Option: You might want to introduce Academic Statement as part of the transcript. (Our group
had different views on whether such information was important at this point, whether students
would be suffering from information overload, etc. Faculty should use their own judgment.) You
might describe what an Academic Statement is, what a transcript looks like—program
description, faculty evaluation, potentially self-evaluation, where an Academic Statement fits
into the transcript. Academic statement will allow you describe and reflect upon your own
education. Who were you when you arrived at Evergreen? What did you hope to accomplish?
What did you accomplish? What areas did you study and which were most important?
Remember that YOU will define and describe your major area(s) of study in the statement.

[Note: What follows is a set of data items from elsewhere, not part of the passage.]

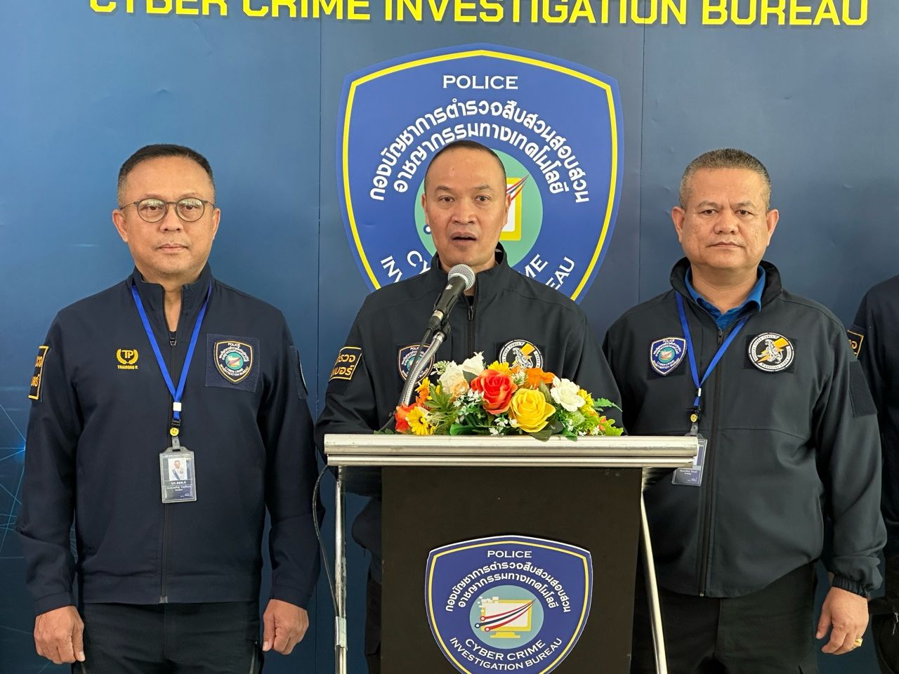 เมื่อเวลา 13.00 น. วันที่ 23 ก.ค. ที่กองบัญชาการตำรวจสืบสวนสอบสวนอาชญากรรมทางเทคโนโลยี (บช.สอท.) เมืองทองธานี อ.ปากเกร็ด จ.นนทบุรี พล.ต.ท.ไตรรงค์ ผิวพรรณ ผบช.สอท. พล.ต.ต.ทินกร รังมาตย์ รอง ผบช.สอท. พล.ต.ต.ศิริวัฒน์ ดีพอ ผบก.สอท.1 พล.ต.ต.กฤตัสญ์ บำรุงรัตนยศ ผบก.สอท.4 พ.ต.อ.ปรีดา คงจัด รอง ผบก.สอท.1 พ.ต.อ.วีร์กวิน เสริมศรีธนชัย ผกก.3 บก.สอท.1 ร่วมกันแถลงผลปฏิบัติการรวบสาย 2 แก๊งคอลเซ็นเตอร์ ปอยเปต โทรหลอกเป็นตำรวจมุกดาหาร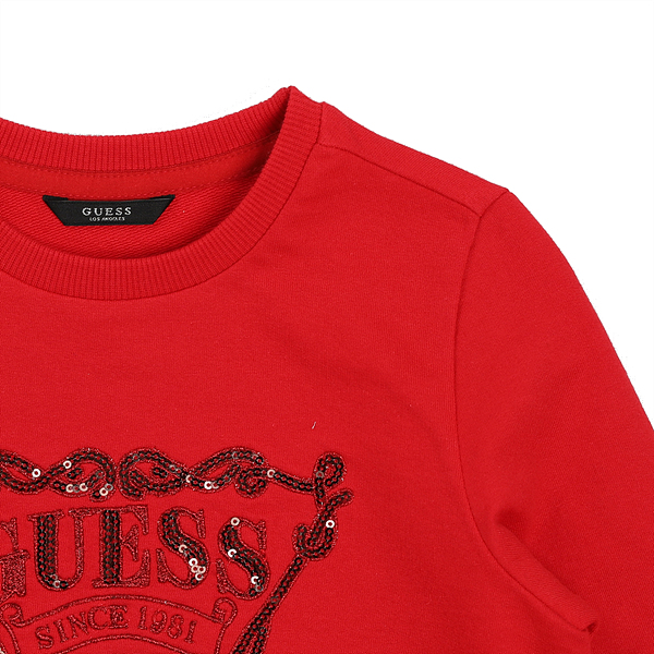 미니쮸리 소재의 레드, 라이트퍼플 2가지 컬러의 맨투맨티셔츠로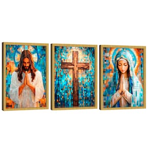 Quadro Decorativo Jesus e Maria em Grid Art Moldura Preta - 60x40cm -

3) Closing questions and comments
Option: You may want to choose a closing activity that allows all the students to share their
voices. Based on the renga, an ancient tradition of Japanese linked verse, students choose a few
sentences from their writing that speak to their experiences during the week. The chosen passage
can represent insights gained, questions left unanswered, personal connections, etc. You can
choose to have students read in succession around the circle or as they feel called to add their
voice. During this reading, no one stops the motion of voices to comment or critique. This is
primarily and importantly a listening activity that allows each individual to contribute to the
creation of a collective spoken-word journey. We think this activity has the potential to serve as
a touchstone for students during their introduction to their Evergreen education.
Invitation: What other knowledge is important for students at this point? What other possible
ideas for creating a sense of closure for this week and beginning their Evergreen education?